Thanks for the help,
Julian


----------



## Julian Nell (Dec 16, 2013)

One more question... for now. Where is a good place to order them?

Thanks,
Julian


----------



## Crothcipt (Dec 16, 2013)

I got a couple pair from mark at Burl Source last year. Not sure if he has any still hanging around. 

there is a couple of threads in his sub forum, but I think this one was more informative.

http://www.kitchenknifeforums.com/showthread.php/7463-New-Chopstick-design-profile


----------



## apathetic (Dec 16, 2013)

I am no expert but I would go with ebony, I am sure other more knowledgeable members will chime in with other good options


----------



## Julian Nell (Dec 16, 2013)

Crothcipt,

I looked on Mark's website and couldn't find any. How much did you pay for your pair?

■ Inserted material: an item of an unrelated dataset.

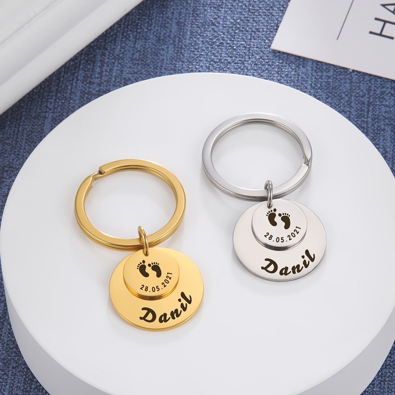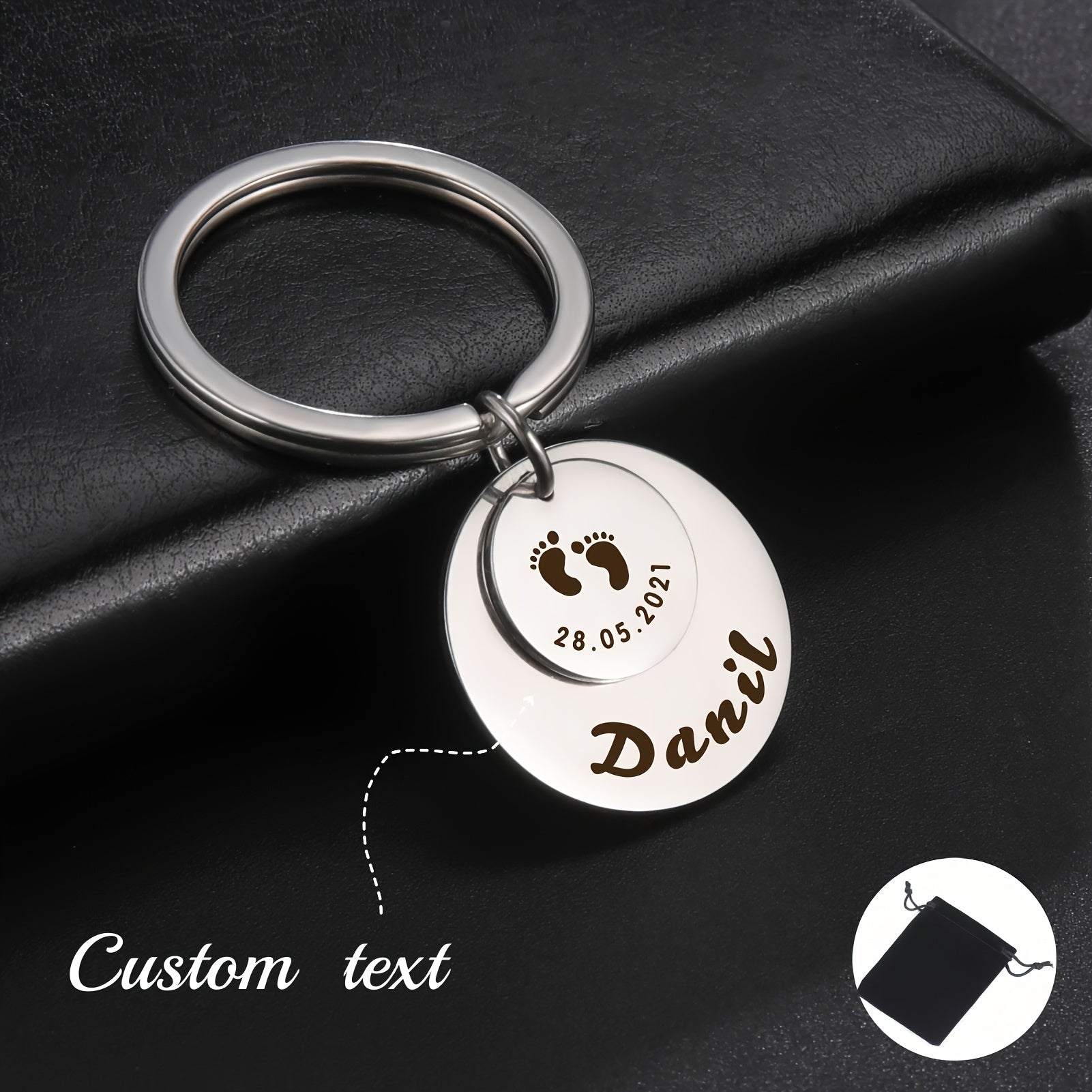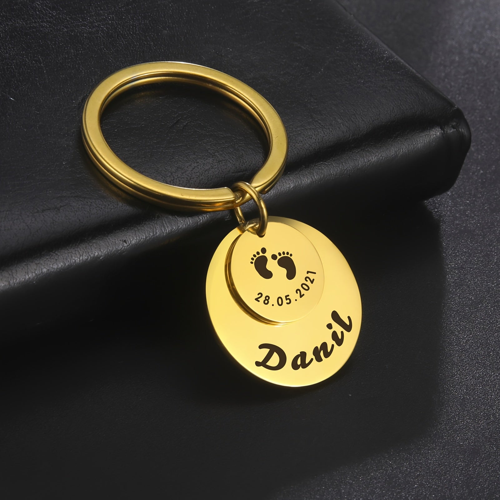 Beautifully engraved keychain featuring a cute footprint design and customized with a name. A thoughtful gift for anyone special in your life.

Are there any places to buy good Japanese chopsticks at a reasonable price? Also, I may not have been looking hard enough but I didn't see very much information about woods in that post.

Thanks for the help,
Julian


----------



## Julian Nell (Dec 16, 2013)

You beat me to posting.

Thanks,
Julian


----------



## Crothcipt (Dec 16, 2013)

You may have to message him to see. I remember him having a problem with the last few selling. But then again that was last year. About what woods was covered in one of the other posts he did on his subforum. there is like 3 different threads, a little older than that one.


----------



## GlassEye (Dec 16, 2013)

Julian Nell said:


> Crothcipt,
> 
> I looked on Mark's website and couldn't find any. How much did you pay for your pair?
> 
> ...



I buy all of mine from Korin, I would start looking there.


----------



## Julian Nell (Dec 16, 2013)

GlassEye,

I have been looking at Korin, but they don't seem to post many details about the woods or anything. May I ask what particular chopsticks you buy from Korin?

Thanks,
Julian


----------



## GlassEye (Dec 16, 2013)

Julian Nell said:


> GlassEye,
> 
> I have been looking at Korin, but they don't seem to post many details about the woods or anything. May I ask what particular chopsticks you buy from Korin?
> 
> ...


I typically just use some cheap bamboo chopsticks since I have them, but these look decent:http://korin.com/Iron-Wood-Chopstick?sc=29&category=281366
I use these saibashi almost every time I cook, have a bundle of spares just in case: http://korin.com/Saibashi_Cooking_Chopsticks?sc=28&category=281240

For a few dollars you could try out several different chopsticks, then buy more of those that you like.


----------



## Julian Nell (Dec 16, 2013)

GlassEye,

Thanks! I like the way those look and they are very cheap.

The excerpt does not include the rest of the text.